| WORK INSTRUCTIONS |
With the images left out, print all of the records below exactly.

| RECORDS SUPPLIED |
*** Begin section ***
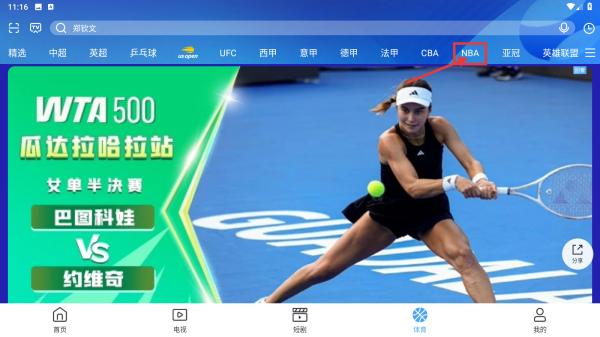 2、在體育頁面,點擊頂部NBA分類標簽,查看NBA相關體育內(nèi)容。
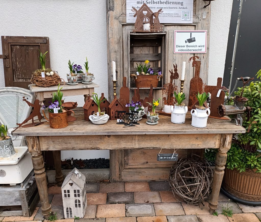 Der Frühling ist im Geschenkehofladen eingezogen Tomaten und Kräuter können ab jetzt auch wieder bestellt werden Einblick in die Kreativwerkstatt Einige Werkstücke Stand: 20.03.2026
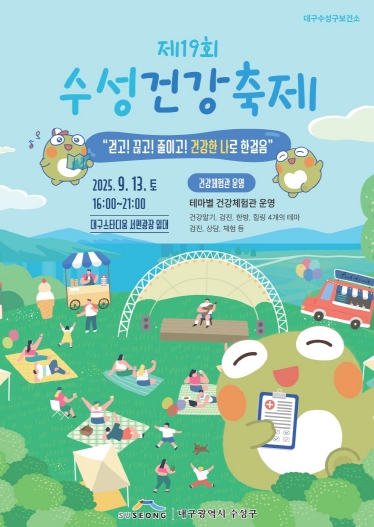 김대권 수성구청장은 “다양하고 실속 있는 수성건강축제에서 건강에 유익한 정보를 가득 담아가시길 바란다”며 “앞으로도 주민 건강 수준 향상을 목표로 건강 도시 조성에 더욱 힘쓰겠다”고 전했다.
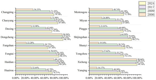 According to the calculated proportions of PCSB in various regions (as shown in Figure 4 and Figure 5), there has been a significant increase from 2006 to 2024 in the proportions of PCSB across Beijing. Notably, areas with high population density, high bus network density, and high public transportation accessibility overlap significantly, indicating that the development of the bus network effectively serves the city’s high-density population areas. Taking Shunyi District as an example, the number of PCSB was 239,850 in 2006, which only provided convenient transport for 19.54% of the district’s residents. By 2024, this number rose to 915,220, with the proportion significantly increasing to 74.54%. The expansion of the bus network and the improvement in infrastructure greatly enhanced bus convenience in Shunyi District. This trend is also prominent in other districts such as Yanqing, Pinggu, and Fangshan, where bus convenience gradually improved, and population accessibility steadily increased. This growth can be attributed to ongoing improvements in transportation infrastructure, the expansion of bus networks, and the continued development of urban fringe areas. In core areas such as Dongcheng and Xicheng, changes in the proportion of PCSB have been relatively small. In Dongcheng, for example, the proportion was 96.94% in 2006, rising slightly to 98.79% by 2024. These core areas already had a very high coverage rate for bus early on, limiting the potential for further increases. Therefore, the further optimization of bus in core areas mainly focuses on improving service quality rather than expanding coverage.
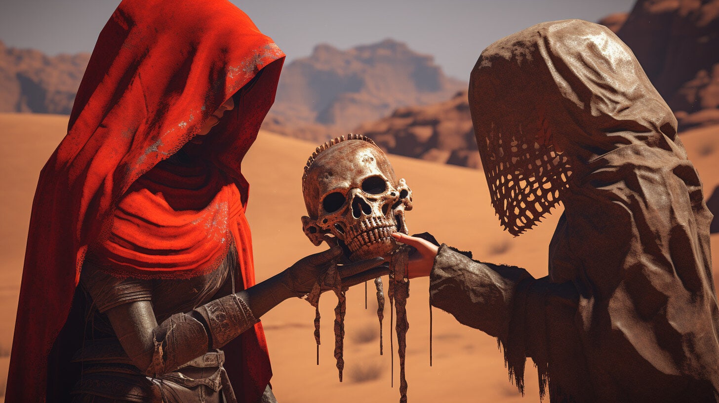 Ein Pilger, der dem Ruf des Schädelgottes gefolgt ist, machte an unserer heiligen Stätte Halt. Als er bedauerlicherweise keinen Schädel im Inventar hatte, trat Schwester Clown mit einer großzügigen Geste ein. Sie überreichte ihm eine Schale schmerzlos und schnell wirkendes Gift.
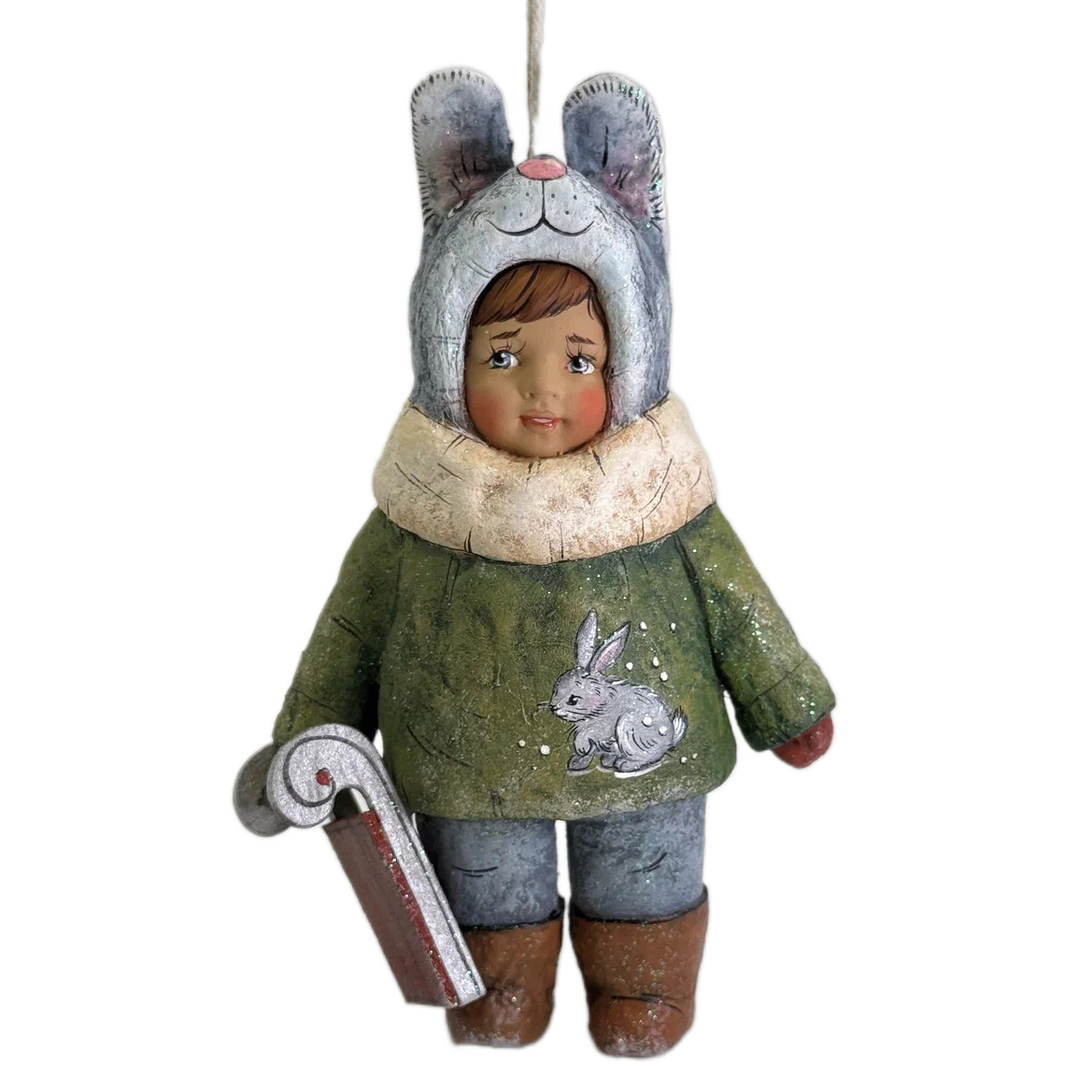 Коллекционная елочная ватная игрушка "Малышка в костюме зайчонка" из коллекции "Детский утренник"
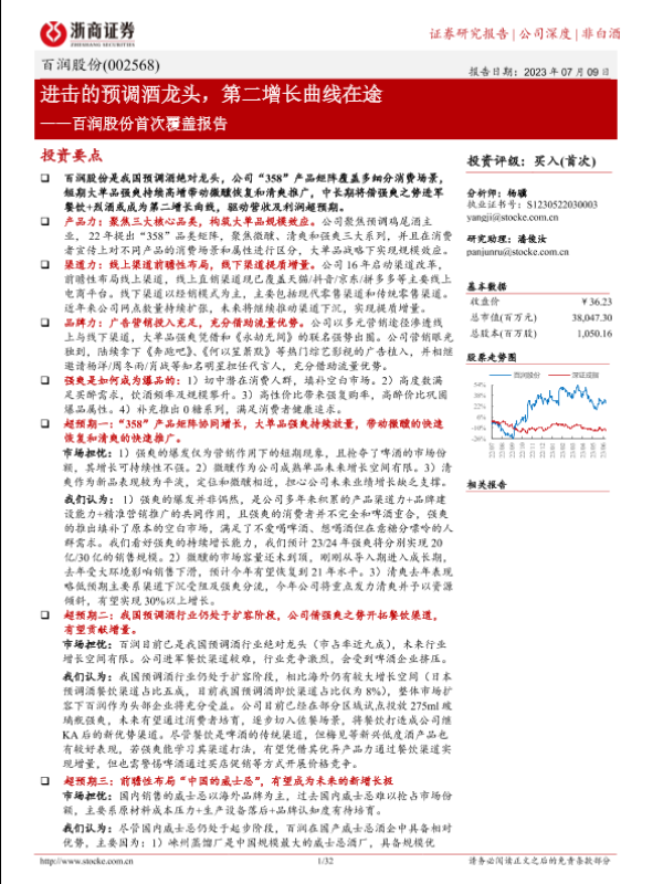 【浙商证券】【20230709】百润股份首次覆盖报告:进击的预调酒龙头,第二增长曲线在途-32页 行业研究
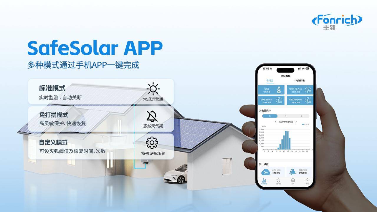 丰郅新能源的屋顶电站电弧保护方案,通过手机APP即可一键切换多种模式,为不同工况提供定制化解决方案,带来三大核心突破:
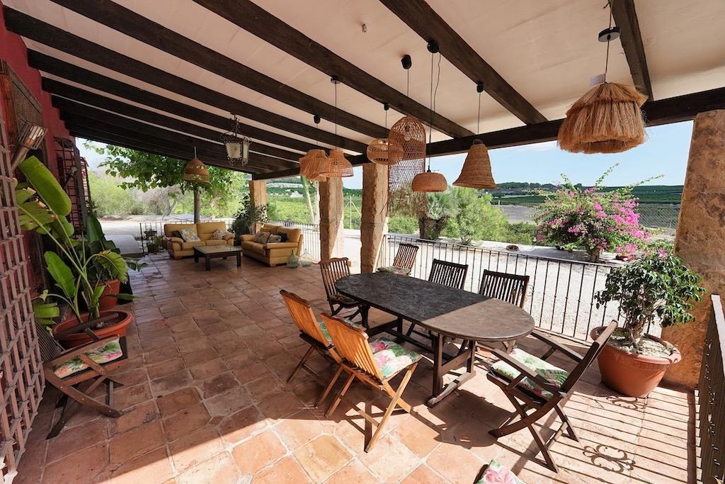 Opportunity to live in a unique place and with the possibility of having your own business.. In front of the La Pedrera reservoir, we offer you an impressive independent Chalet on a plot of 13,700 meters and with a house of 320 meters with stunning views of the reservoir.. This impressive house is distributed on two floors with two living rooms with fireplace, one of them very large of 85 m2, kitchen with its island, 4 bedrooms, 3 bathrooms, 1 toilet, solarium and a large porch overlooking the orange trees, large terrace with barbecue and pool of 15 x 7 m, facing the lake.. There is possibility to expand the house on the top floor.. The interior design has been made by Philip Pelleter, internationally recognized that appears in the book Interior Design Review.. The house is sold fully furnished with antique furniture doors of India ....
*** End section ***
| ANSWER BOX |
 2、在體育頁面,點擊頂部NBA分類標簽,查看NBA相關體育內(nèi)容。
 Der Frühling ist im Geschenkehofladen eingezogen Tomaten und Kräuter können ab jetzt auch wieder bestellt werden Einblick in die Kreativwerkstatt Einige Werkstücke Stand: 20.03.2026
 김대권 수성구청장은 “다양하고 실속 있는 수성건강축제에서 건강에 유익한 정보를 가득 담아가시길 바란다”며 “앞으로도 주민 건강 수준 향상을 목표로 건강 도시 조성에 더욱 힘쓰겠다”고 전했다.
 According to the calculated proportions of PCSB in various regions (as shown in Figure 4 and Figure 5), there has been a significant increase from 2006 to 2024 in the proportions of PCSB across Beijing. Notably, areas with high population density, high bus network density, and high public transportation accessibility overlap significantly, indicating that the development of the bus network effectively serves the city’s high-density population areas. Taking Shunyi District as an example, the number of PCSB was 239,850 in 2006, which only provided convenient transport for 19.54% of the district’s residents. By 2024, this number rose to 915,220, with the proportion significantly increasing to 74.54%. The expansion of the bus network and the improvement in infrastructure greatly enhanced bus convenience in Shunyi District. This trend is also prominent in other districts such as Yanqing, Pinggu, and Fangshan, where bus convenience gradually improved, and population accessibility steadily increased. This growth can be attributed to ongoing improvements in transportation infrastructure, the expansion of bus networks, and the continued development of urban fringe areas. In core areas such as Dongcheng and Xicheng, changes in the proportion of PCSB have been relatively small. In Dongcheng, for example, the proportion was 96.94% in 2006, rising slightly to 98.79% by 2024. These core areas already had a very high coverage rate for bus early on, limiting the potential for further increases. Therefore, the further optimization of bus in core areas mainly focuses on improving service quality rather than expanding coverage.
 Ein Pilger, der dem Ruf des Schädelgottes gefolgt ist, machte an unserer heiligen Stätte Halt. Als er bedauerlicherweise keinen Schädel im Inventar hatte, trat Schwester Clown mit einer großzügigen Geste ein. Sie überreichte ihm eine Schale schmerzlos und schnell wirkendes Gift.
 Коллекционная елочная ватная игрушка "Малышка в костюме зайчонка" из коллекции "Детский утренник"
 【浙商证券】【20230709】百润股份首次覆盖报告:进击的预调酒龙头,第二增长曲线在途-32页 行业研究
 丰郅新能源的屋顶电站电弧保护方案,通过手机APP即可一键切换多种模式,为不同工况提供定制化解决方案,带来三大核心突破:
 Opportunity to live in a unique place and with the possibility of having your own business.. In front of the La Pedrera reservoir, we offer you an impressive independent Chalet on a plot of 13,700 meters and with a house of 320 meters with stunning views of the reservoir.. This impressive house is distributed on two floors with two living rooms with fireplace, one of them very large of 85 m2, kitchen with its island, 4 bedrooms, 3 bathrooms, 1 toilet, solarium and a large porch overlooking the orange trees, large terrace with barbecue and pool of 15 x 7 m, facing the lake.. There is possibility to expand the house on the top floor.. The interior design has been made by Philip Pelleter, internationally recognized that appears in the book Interior Design Review.. The house is sold fully furnished with antique furniture doors of India ....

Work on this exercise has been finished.